There is a restful sameness to all of Niele Toroni’s work. You can see some of it on display this month at the Marian Goodman Gallery. | Image: Mariken Bakkers via Flickr CC.

There is a restful sameness to all of Niele Toroni’s work, all of it in a style he pioneered and named travaux/pientures. Each painting, be it on stark white canvas or old, yellowed newsprint, is a careful study of the nature of paint and surface, almost scientific in its precision. His signature method, repeated over and over, is imprints of a no. 50 paintbrush in painstakingly measured intervals of 30cm.

He’s been painting those imprints for nearly 50 years, since the process’s debut at a performance exhibition in the Salon de la Jeune Pienture, Musee d’Art Moderne in Paris. And now it’s on display at the Marian Goodman Gallery in Midtown, New York City through July 30th.
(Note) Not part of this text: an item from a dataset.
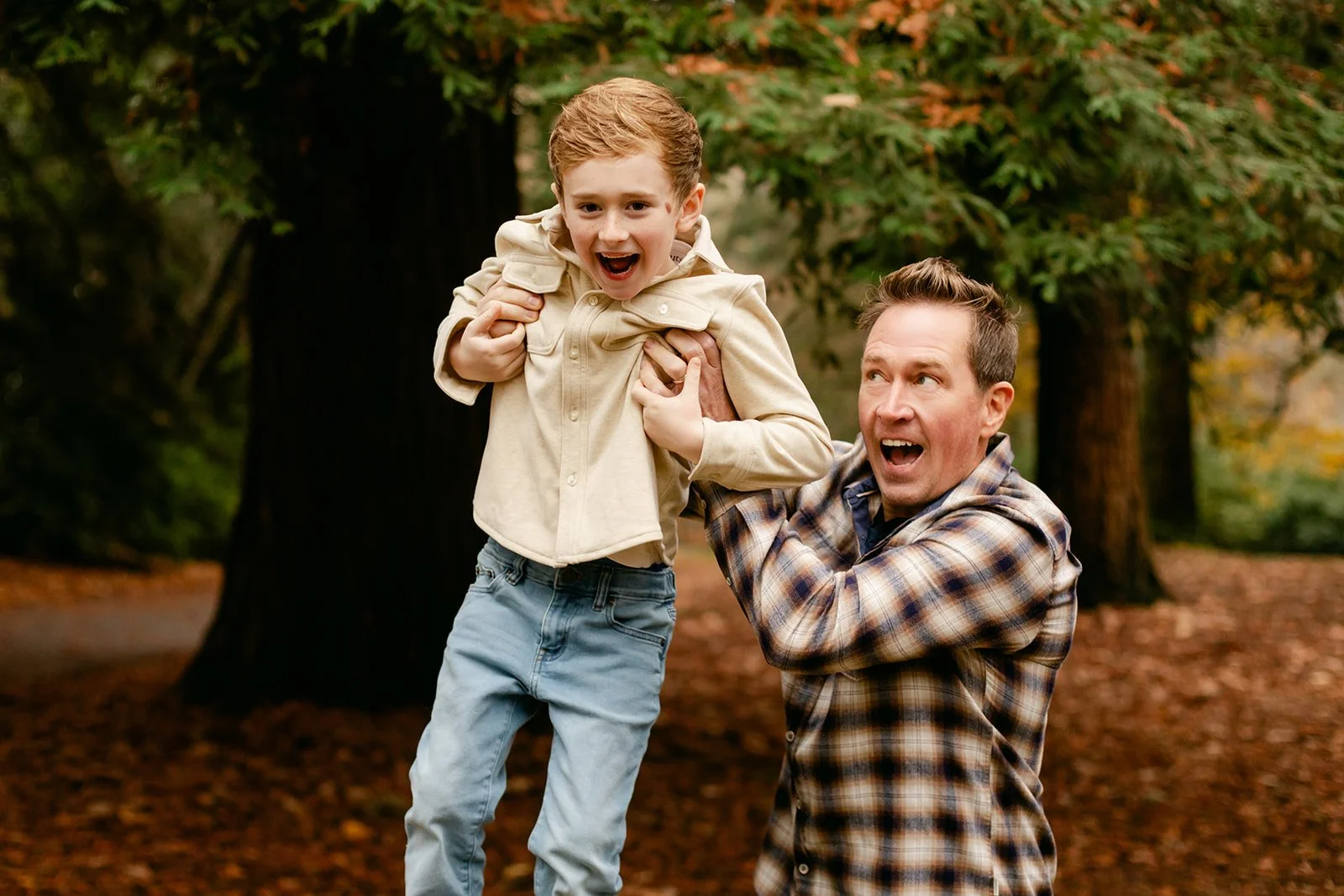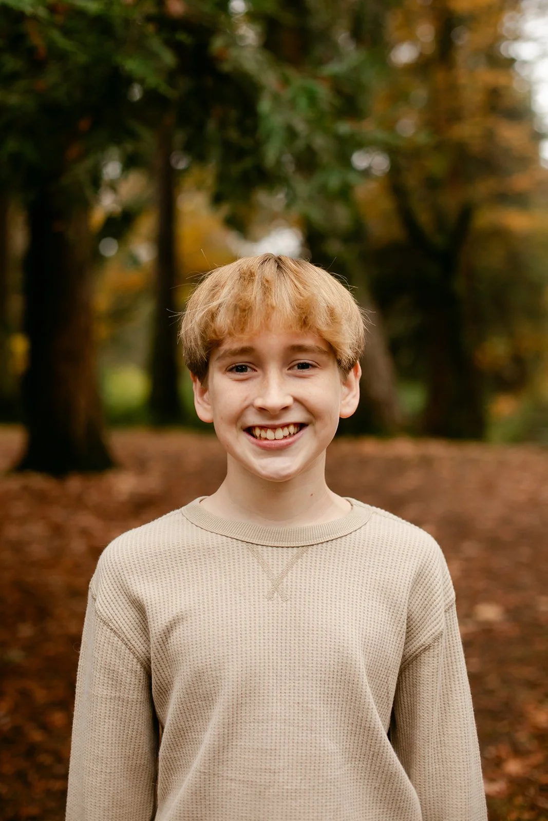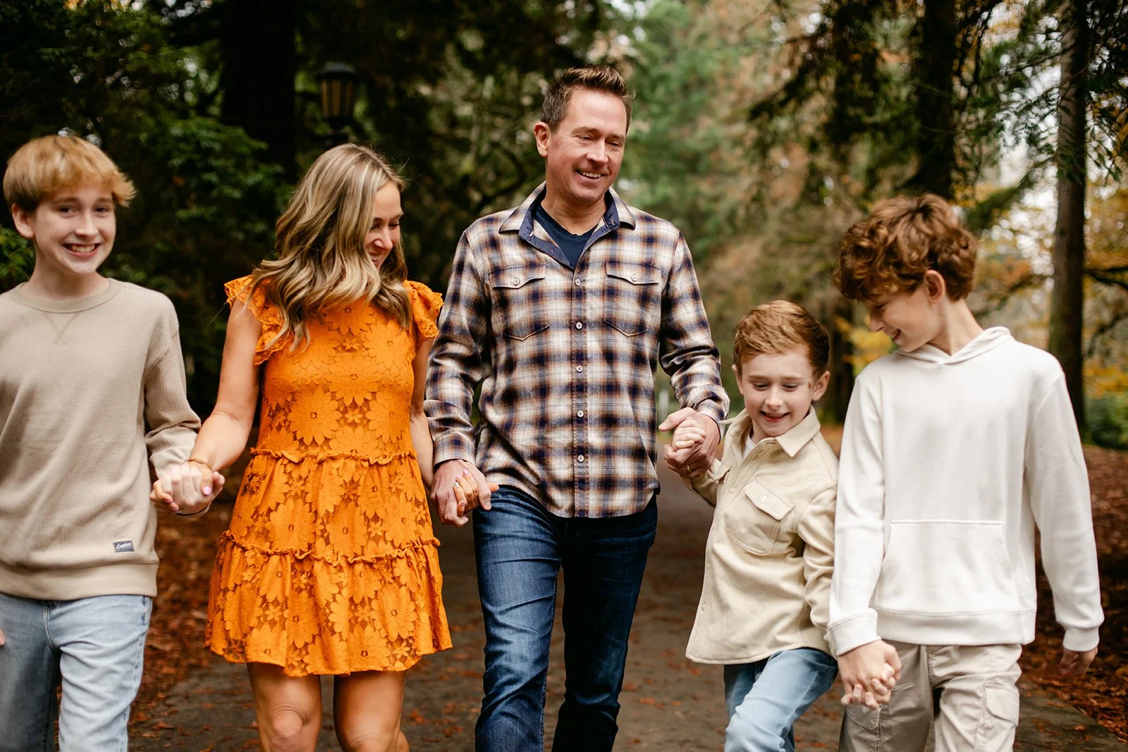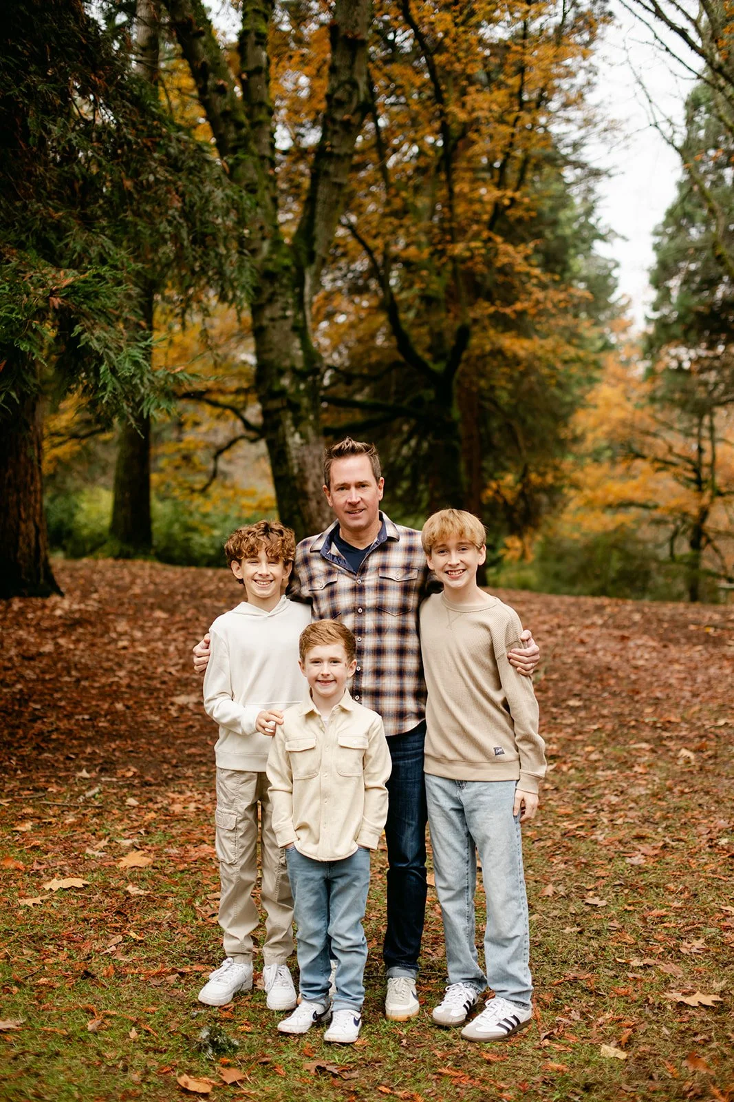 Laurelhurst is one of those Portland gems that earns its reputation every fall. Towering trees, open lawns blanketed in rust and amber, winding paths that beg to be walked — it's a natural studio that does half the work for you. On an overcast afternoon, the muted light wraps everything in this soft, even glow that's almost impossible to replicate any other way. The boys didn't care about any of that, of course. They were too busy seeing who could jump the highest.

It’s art that truly merits stepping close to examine. Despite the almost pixel-like sameness to each nearly-square brush imprint, each mark is distinct and different. They speak of deliberateness, almost over-crafted for what they are. And the measurements do not ever vary, though the surface on which they are painted does. French newspapers, whitewashed canvases, the very walls of the gallery. Whatever the surface, the careful, determined march of the brush imprints goes on unchanged in bold blue, black, yellow, or white.

Along with the gallery show, the Marian Goodman is presenting a solo survey of Toroni’s artistic history, close to fifty years of work. It’s a real treat to get to view that broad a cross-section of an artist’s working life. An invested viewer is able to trace each learning curve, spot the inflow of new inspiration and in essence read the artist’s life in his body of art.

Toroni’s work will be on display until July 30 2015. The Marian Goodman Gallery is located at 24 West 57th Street, New York, NY. Their summer hours are Monday – Friday, 10am – 6pm, and admission is free.